Analysts say state finances, unless adjusted, would run $2.3 billion in deficit in the fiscal year that begins Saturday, and $2.8 billion in the red in 2018-18.
Democrats have nominal control of the General Assembly.
The Senate is evenly split, with Lt. Gov. Nancy Wyman, a Democrat, able to cast tie-breaking votes. Given that and the narrow margin in the House, Democrats could craft a budget on their own, but all lawmakers and the governor would have to be prepared to reach compromise on many sticky issues.
And according to sources close to Monday’s negotiations, some moderate Democrats remain wary of proposals to boost the sales tax rate from 6.35 percent to either 6.75 percent or 6.99 percent.
A rate increase and a possible elimination of some sales tax exemptions would be used to mitigate municipal aid reductions that have been proposed to help close the big projected deficits in the next two fiscal years.
Sources also said some Democrats share the GOP’s concerns about the proposed concessions deal.
Malloy asked legislators Monday to consider approving nearly $320 million in revenue increases to mitigate the massive cuts he would be forced to impose if Connecticut enters the new fiscal year Saturday without a budget.
Even if those steps are taken, Malloy outlined deep cuts to municipal aid, social services, hospitals, and public colleges and universities that would occur if he had to run the upcoming fiscal year by executive order.

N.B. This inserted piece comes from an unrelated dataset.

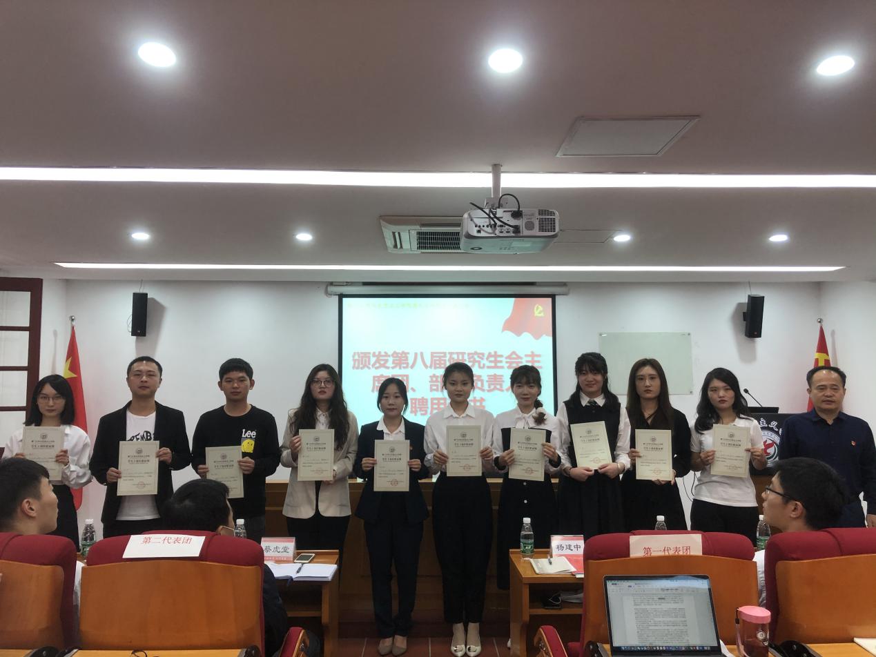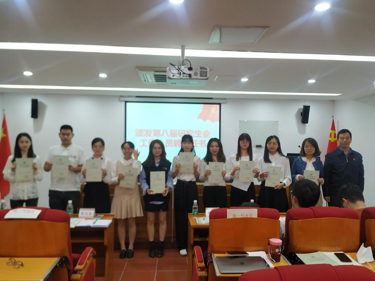 随后,杨建中和蔡虎堂老师为第八届研究生会学生干部颁发了任职荣誉证书。

“Connecticut can and will adopt a responsible, balanced budget for the coming biennium – the question is how best to handle our finances until that happens,” the governor said Monday. “I am prepared to operate government in the absence of a budget, but it has never been my preference to do so.”
Drawing from proposals in separate budget plans offered by Democratic and Republican legislative leaders, as well as from his own, the governor proposed $317.5 million in new revenue be authorized now — even though a full budget plan for the fiscal year starting July 1 still is being negotiated.

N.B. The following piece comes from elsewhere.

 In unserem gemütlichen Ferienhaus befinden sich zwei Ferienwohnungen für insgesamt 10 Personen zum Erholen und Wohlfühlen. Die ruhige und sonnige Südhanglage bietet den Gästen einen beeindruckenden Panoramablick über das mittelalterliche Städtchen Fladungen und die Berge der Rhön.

The governor said those revenues would be used chiefly to mitigate cuts he would be forced to make to social services and to municipal aid.
Malloy’s recommendations include:
- $68.3 million in additional income tax revenues raised by restricting a property tax credit to households with dependents and by freezing a tax credit for working-poor families.
- $60 million to be raised by a tax amnesty program covering income, sales, corporation and other taxes.
- $26.4 million from capping various business tax credits.
- $5.0 million from increasing various license and permit fees and fines.
- And $137.3 million in one-time funds to be swept from various off-budget accounts.
Republican leaders made it clear Monday they would not vote for any provisional revenue plan.
“We feel very strongly that what this state needs is a budget,” Fasano said. “Perhaps doing mini-budgets just prolongs the inevitable, which is just coming back here and talking and trying to get it worked out.”
But Fasano changed his position one day later and said Tuesday that he was leaning toward supporting a provisional budget to avoid the cuts that would come after July 1.
Klarides said Monday that the budget-by-executive-order option and the alternative — the same plan modified by modest revenue increases – aren’t that much different.
“Instead of complete tornadoes and hurricanes and cyclones going through the state of Connecticut, it’ll just be tornadoes and hurricanes. Right?” she said. “So it’s a better version of a bad-case scenario. I appreciate him making that effort.”
Klarides did not change her position Tuesday and still wants legislators to focus on adopting a two-year budget.